Federal Honest Services Prosecutions
The current trial of former Enron executives Kenneth Lay and Jeffrey Skilling illustrates how the Justice Department has increased its reliance on conflict of interest violations in white collar prosecutions generally and securities fraud prosecutions in particular. In a case alleging massive securities fraud and byzantine accounting improprieties, the Justice Department "dummied down" its cross examination and focused instead, for example, on small investments that both defendants made in a relatively minor Enron vendor. Those investments admittedly violated the Enron Corporate Code of Conduct, and on cross examination left Mr. Lay in the position of arguing that "no one should be a slave to the rules." Expect to hear that testimony quoted back by the government during closing argument as the public debate over Enron's collapse concludes.

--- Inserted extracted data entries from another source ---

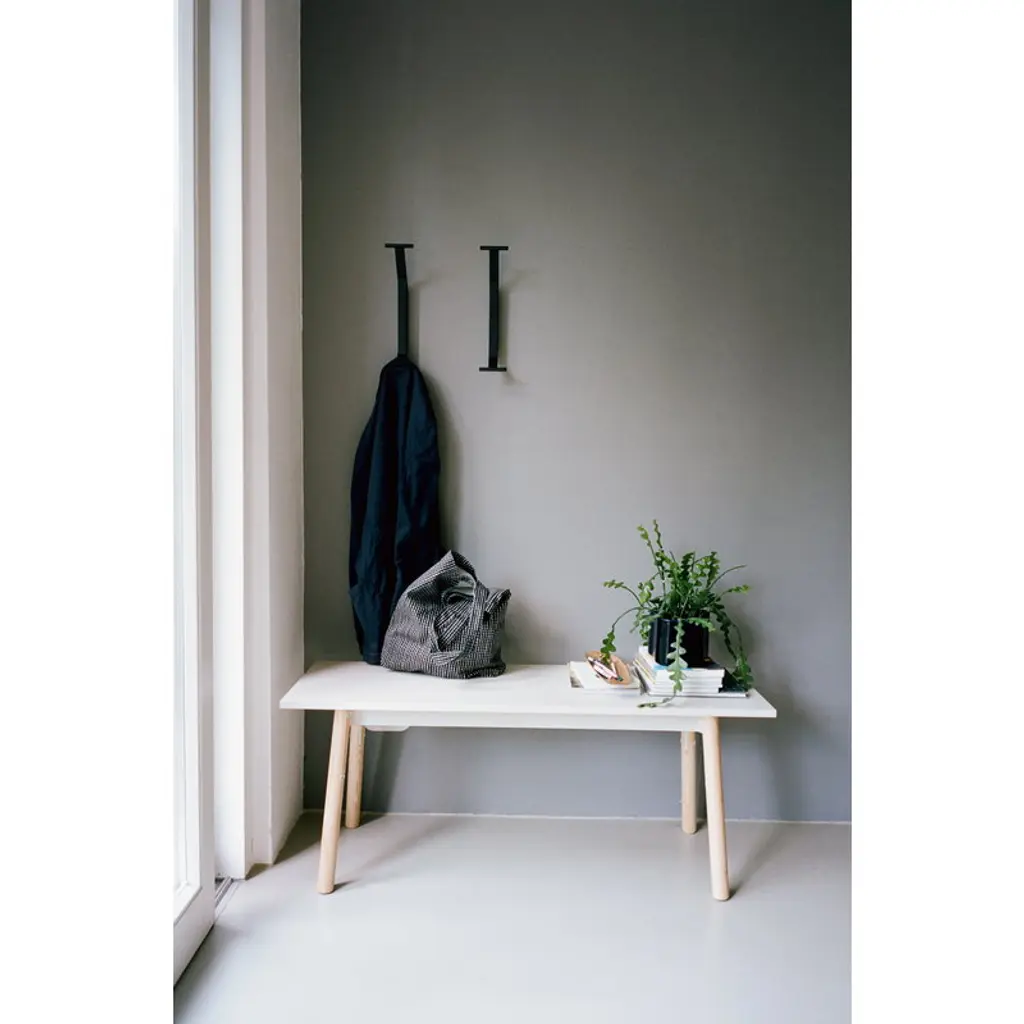 Artek's Kaari REB 014 wall hook continues the simple and sculptural style of the Kaari series. The hook, made of black powder coated steel and solid natural oak with a protective varnish, is well suited for hallways, offices and dressing rooms alike. The elegant Kaari collection was designed by Ronan and Erwan Bouroullec and launched at Stockholm’s Furniture Fair in 2015. As Alvar Aalto’s furniture was characterized by the L-leg, the Bouroullecs’ Kaari tables feature a unique leg system composed of vertical wood and bent steel. It became obvious during the design process that the legs could also be used to support wall-mounted objects such as shelves and consoles. The series has an attractive silhouette that is created by the wing-shaped steel structure. Kaari combines the traditional materials of Artek in a new and fresh way. Invest in a future classic and preserve it for generations to come.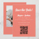 Moderno e elegante, este cartão de salvar a data do casamento em rosa coral é personalizável com código QR para o site do seu casamento na frente, e uma foto de noivado personalizada no verso. Altere as cores deste cartão clicando em "personalizar este modelo", em seguida, "editar usando a ferramenta de design". Se precisar de ajuda para fazer qualquer alteração, por favor, envie uma mensagem para o designer.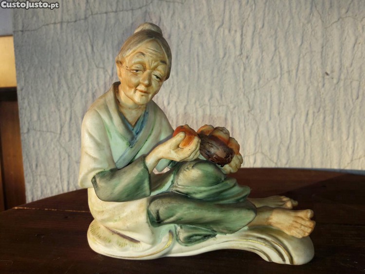 Antiga e ternurenta estatueta em biscuit pintado à mão representando uma anciã japonesa vendendo fruta. Estado impecável. Cerca de 20 cm de comprimento.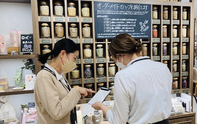 百貨店内に店舗を構える「enherb」は、落ち着いた雰囲気の中でハーブティーの香りが漂う癒しの空間。取材で訪れた店舗では、スタッフがお客様と丁寧に会話しながら、一人ひとりに合った商品を提案していました。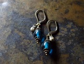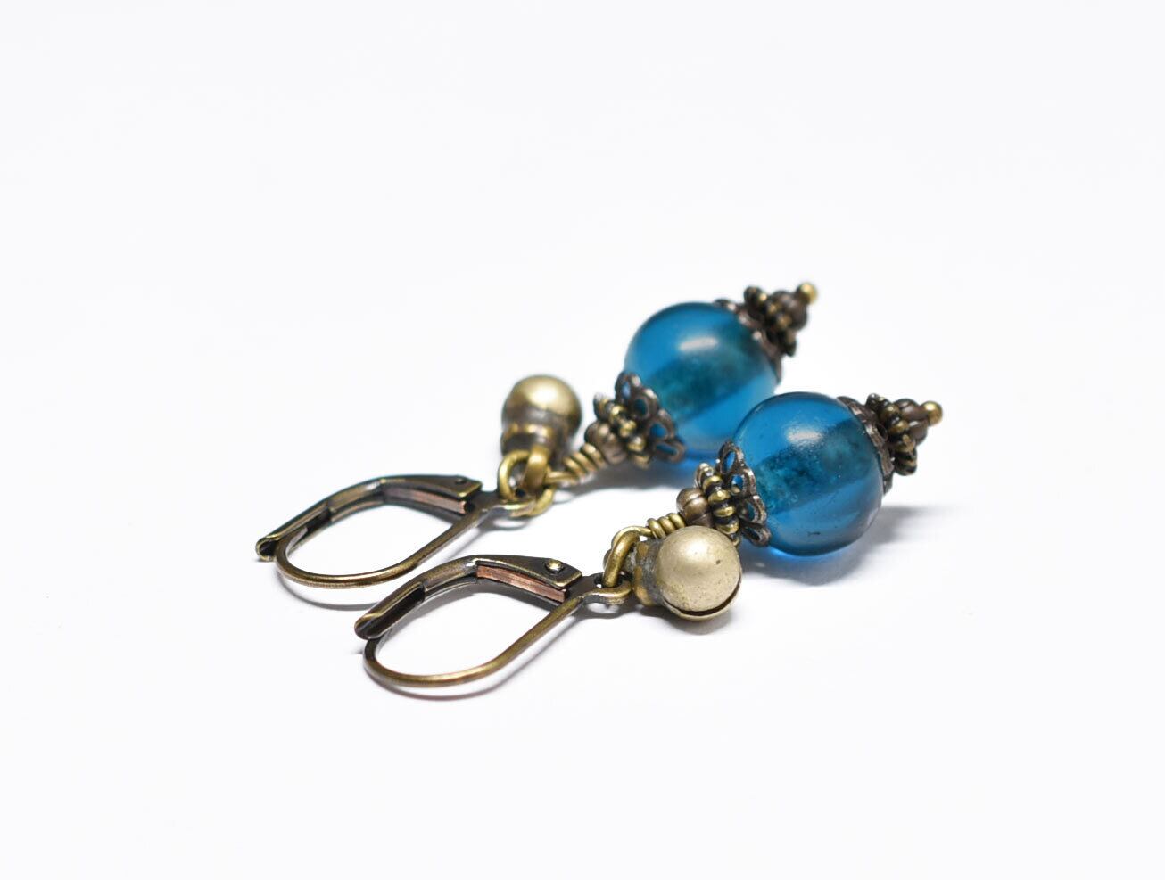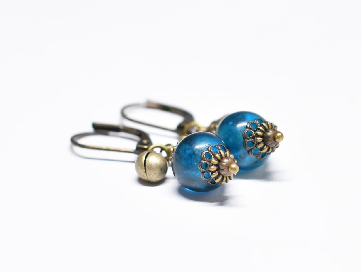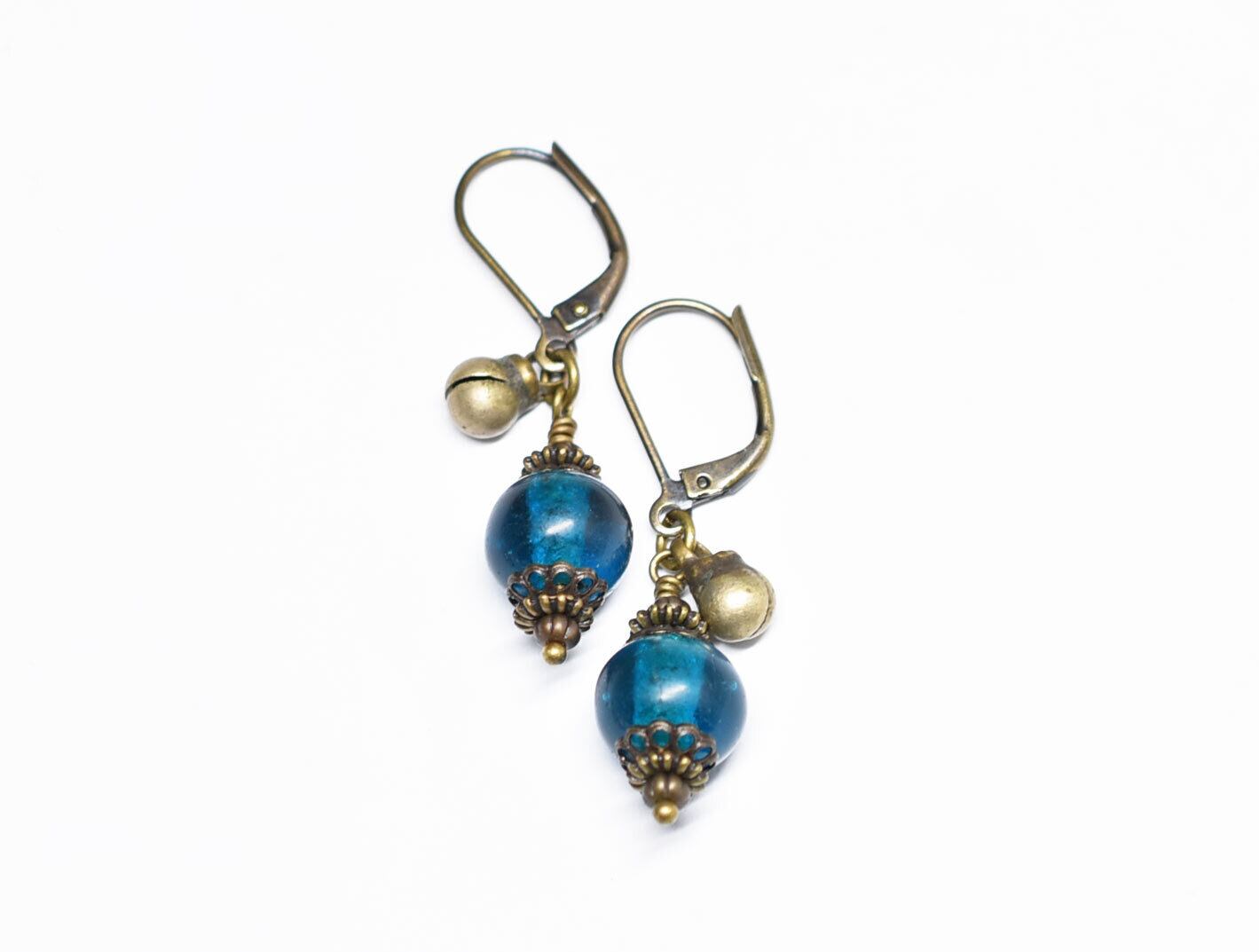 ブルーヴィンテージビーズと民族鈴を繋いだピアスです。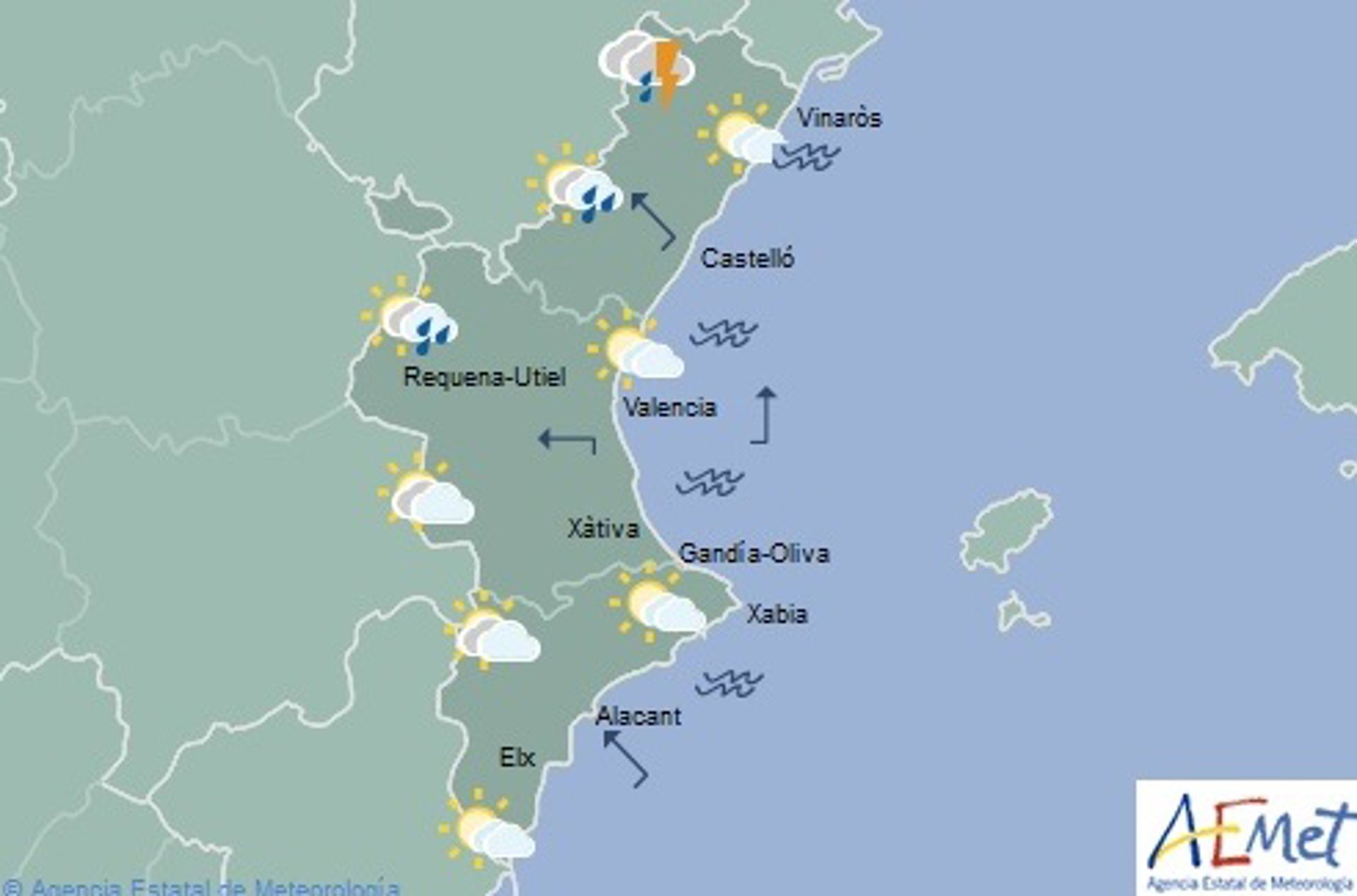 Las temperaturas máximas alcanzarán los 25 grados en València, los 24 en Castellón y los 22 grados en Alicante. Por su parte, el viento soplará variable flojo predominando este y sureste, según las mismas fuentes.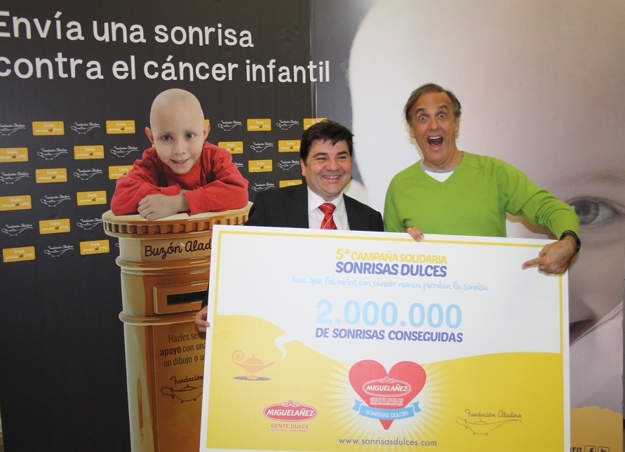 Migueláñez, empresa líder en el sector de confitería, entregó ayer el cheque solidario a la Fundación Aladina, dedicada a ayudar a los niños enfermos de cáncer y a sus familias. La sede de la Fundación, ubicada en Madrid, ha sido el escenario de la entrega del cheque, en el que se destacaban los más de 2.000.000 de clics que se recibieron en el vídeo de la campaña y que se han traducido en sonrisas para los pequeños.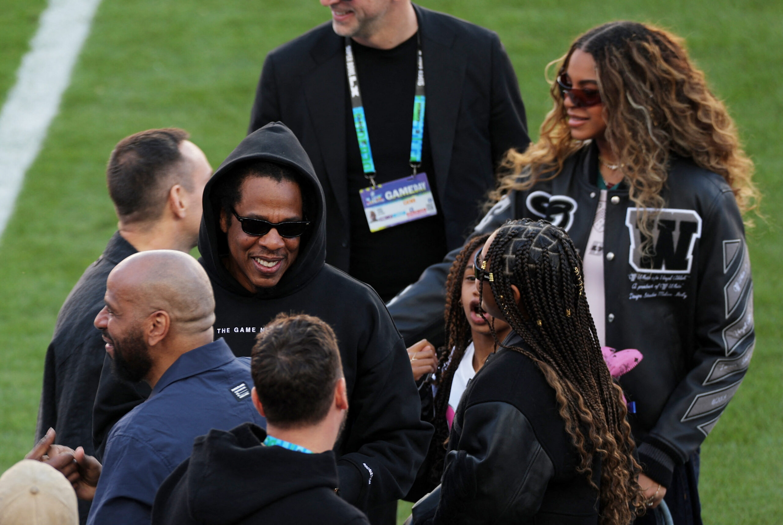 Entre el público también se encuentra el canadiense Justin Bieber junto a su mujer, la modelo Hailey Bieber, así como el rapero Jay-Z junto a sus hijas Rumi y Blue Ivy, o el cómico Adam Sandler.
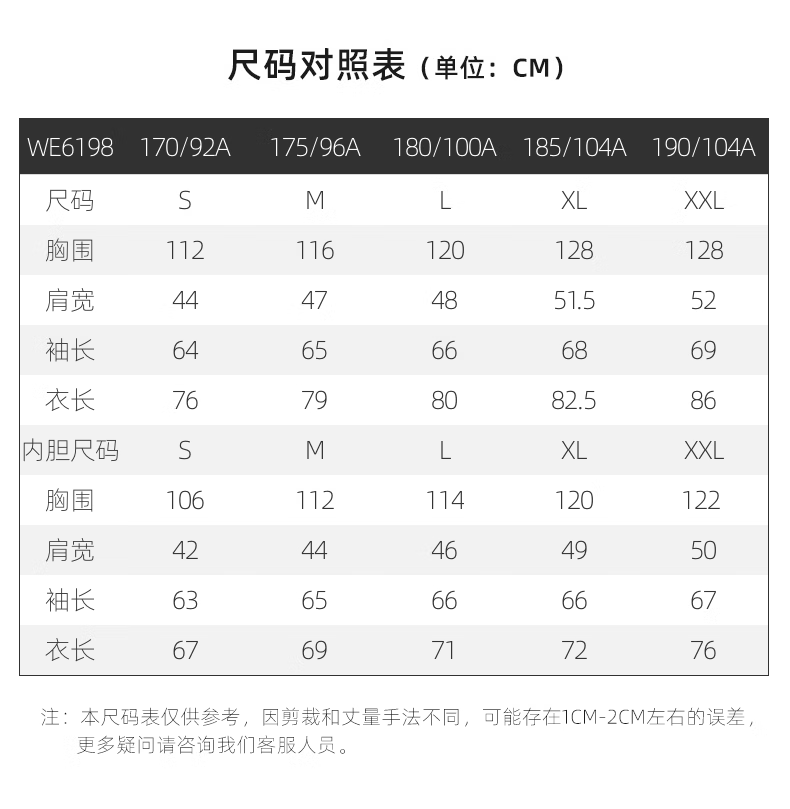 China (cm) 165 / 88-90 170 / 96-98 175 / 108-110 180 / 118-122 185 / 126-130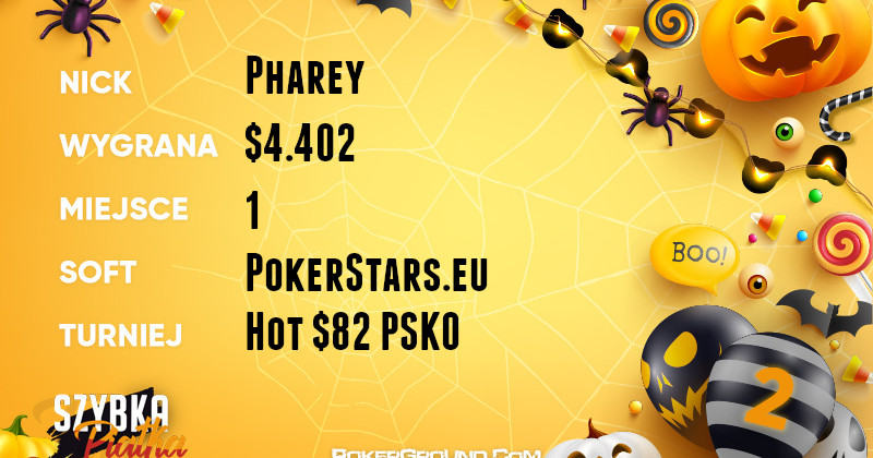 Zadowolony z siebie powinien być wicelider Pharey, który również w tempie wyrzucał rywali za burtę turnieju Hot $82 PSKO. Tu wypłata była nieco skromniejsza – $4.402 – aczkolwiek wkład we wpisowe nieporównywalnie niższy.

Although not charged in the Enron case itself, 18 U.S.C. § 1346 prohibits use of the mails or interstate wire transmissions, such as electronic mail, "to deprive another of the intangible right of honest services." Although this broad reaching prohibition has been the subject of numerous constitutional challenges, it remains substantially intact as federal law today. As the government continues its priority enforcement against corporate crime, expect the government to utilize provisions from conflict of interest policies and compliance manuals in bringing these so-called "honest services" prosecutions. In the securities industry, outside affiliations and cross trading are likely to be subjects of special interest. Broker dealers and their employees should review their existing conflict of interest policies. Further, given the Justice Department's increasing willingness to equate conflicts of interests with federal crimes, this is a fine time for everyone in the securities industry to enhance compliance with internal conflict of interest policies.